BioSepra's future success is dependent, in part, on its ability to generate
increased sales of its HyperD media products and research devices.

Collaborative research and development revenues were $58,000, $25,000 and
$1,036,000, in 1997, 1996 and 1995, respectively. The decrease from 1995 to 1996
was primarily related to a milestone

                                                                              17
   21
MANAGEMENT'S DISCUSSION AND ANALYSIS OF FINANCIAL CONDITION AND RESULTS OF
OPERATIONS (CONTINUED)

payment recorded in 1995 from Bayer Corporation.
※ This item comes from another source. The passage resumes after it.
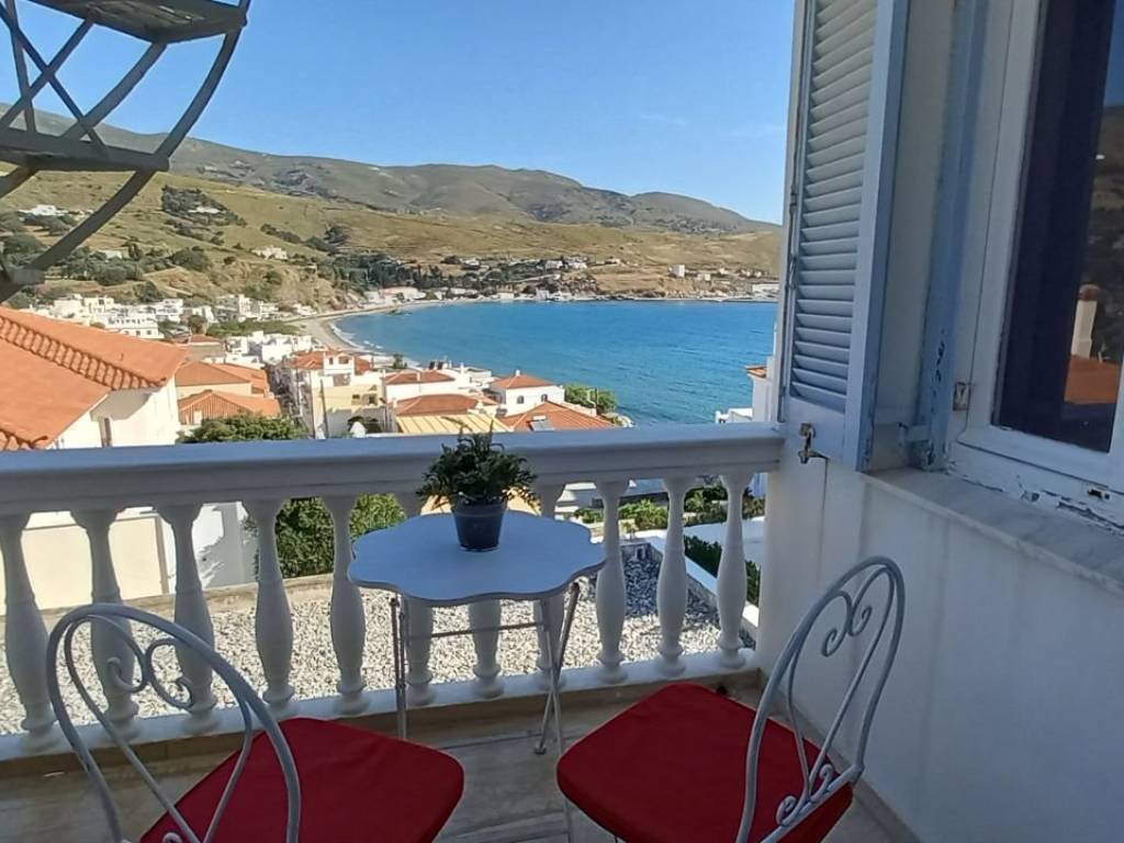 an apartment on the 1st floor of a building fully equipped ( fridge , kitchen and laundry machine) and furnished near the centre of chora -andros near the pedestrian main street. with sea view has one bedroom , one livingroom , one bathroom and a kitchen . it has also a heating for winter time. rent monthly for all year with a monthly rent of 520euros and we discuss a short period of rent during summer time on other price(may till end august) . contact : maria tsakiri phone: 0030 6992673833

This contract was subsequently
terminated by Bayer.

License fees and royalties were $5,643,000 in 1997, $1,232,000 in 1996 and
$900,000 in 1995. The increase from 1995 to 1996 was due to revenue recognized
by BioSepra under an agreement with Beckman Instruments Inc. ("Beckman") in
1996. The increase from 1996 to 1997 was due to a $1,875,000 milestone payment
from Hoechst Marion Roussel Inc. ("HMRI") under the patent license agreement on
terfenadine carboxylate, marketed by HMRI as AllegraTM, and $3,600,000
recognized by BioSepra under the agreement with Beckman, that was revised in
December 1997. The increases in 1996 and 1997 were offset by decreases in
royalties received by Tanabe Seiyake Co. Ltd. ("Tanabe") relating to Tanabe's
licensing and use of Sepracor's technology in the manufacture of the chiral
intermediate of diltiazem: $168,000 in 1997, $333,000 in 1996 and $675,000 in
1995. Beginning in March 1996, Sepracor splits the royalty revenue from Tanabe
with ChiRex on a 50/50 basis.

In December 1997, Sepracor signed a licensing agreement with Schering-Plough
Corporation ("Schering") giving Schering exclusive worldwide rights to
Sepracor's patents covering descarboethoxyloratadine ("DCL"), an active
metabolite of loratadine. Under the terms of the agreement, Sepracor has
exclusively licensed its DCL rights to Schering, which expects to develop and
market the DCL product worldwide. Schering will pay Sepracor an upfront license
fee of $5,000,000 and royalties on DCL sales, if any, beginning at first product
launch. Any such royalties paid to Sepracor will escalate over time and upon the
achievement of sales volume and other milestones. As of December 31, 1997, the
agreement was still pending clearance under the Hart Scott Rodino Act. In
January 1998, Sepracor and Schering were notified that no objection would be
raised under the Hart Scott Rodino Act with respect to the license agreement.
Shortly thereafter, Sepracor received the $5,000,000 upfront license payment
from Schering and recorded the payment as license revenue in the first quarter
of 1998. The upfront license fee will be offset against future royalty payments.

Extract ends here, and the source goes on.